Do you have a blog, that lacks search engine that could find in content of your article where you wrote about this and that ? Let's check if Elasticsearch can help with it. Check out!


S0-E22/E30 :)

Elasticsearch store your pelican posts

This blog uses Pelican engine that uses either a reStructuredText or Markdown files which then are transformed into a html with some theme.

Because of that, you can't have a search engine on html files online. Fortunately you can use Elasticsearch, push your rst/md Files and search for specific words in it :)

Let's check how to achieve this.

Making a Search within your own .md files.
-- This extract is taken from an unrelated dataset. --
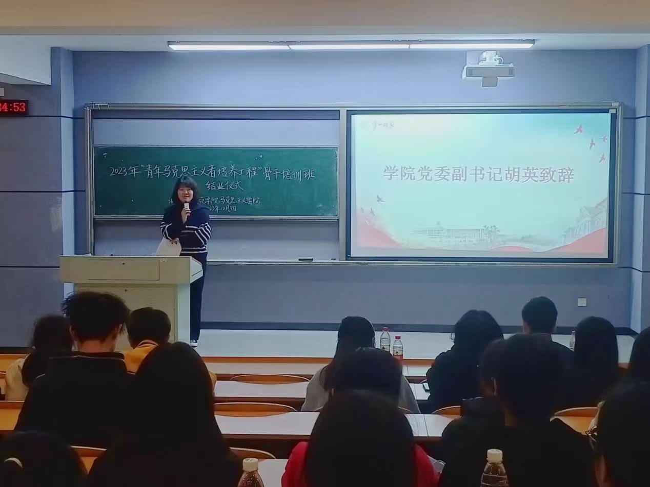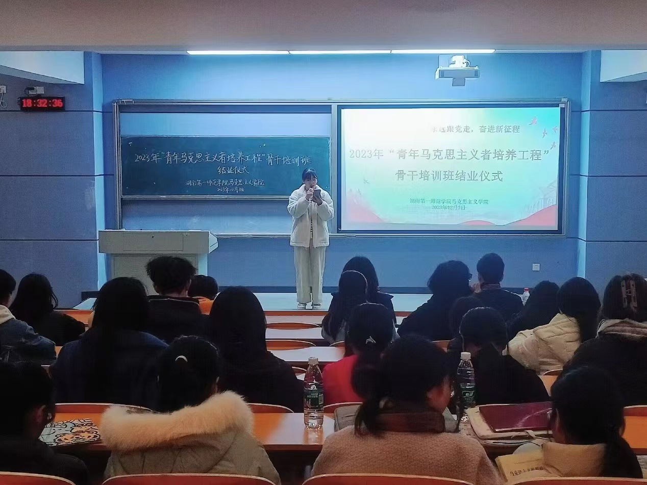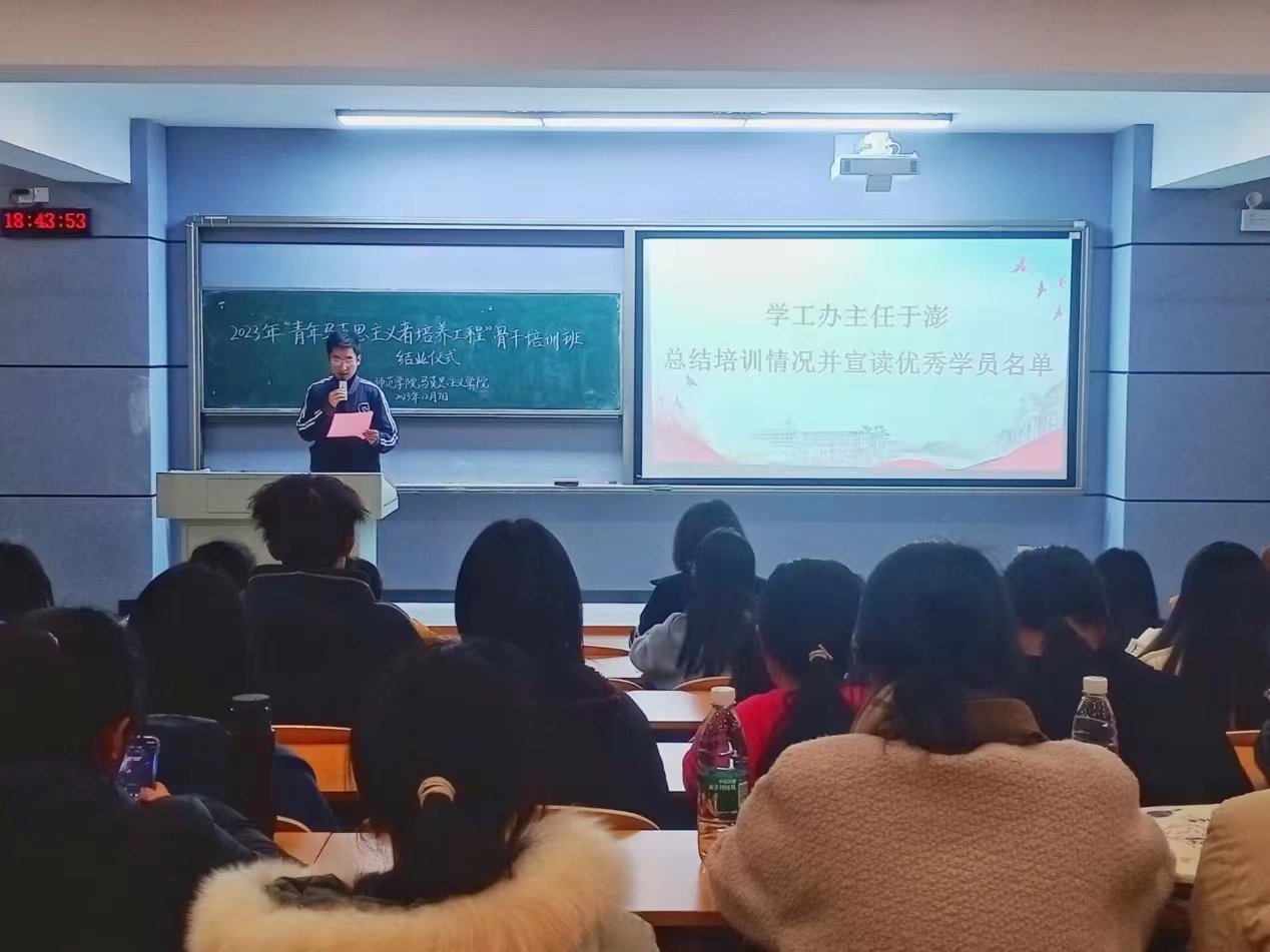 12月7日晚,三亿体育在润寰南101教室举行2023年“青年马克思主义者培养工程”骨干培训班结业仪式,公司党委副书记胡英、学工办主任于澎出席本次结业仪式,仪式由杨萌同学主持,全体青马学员参与仪式。

If you are so lucky to have some text files, you can start off. For my prof of concept purpose we'll use github repo from pelican blog.

Let's make a script that would put data from md/rst files into Elasticsearch.

Ofcourse let's don't repeat, and reuse what we have learned from yesterday's elasticsearch python client

Listing files with extension in python

import os
from glob import glob
def list_files(path, fileextension):
    return [y for x in os.walk(path) for y in glob(os.path.join(x[0], '*.{}'.format(fileextension)))]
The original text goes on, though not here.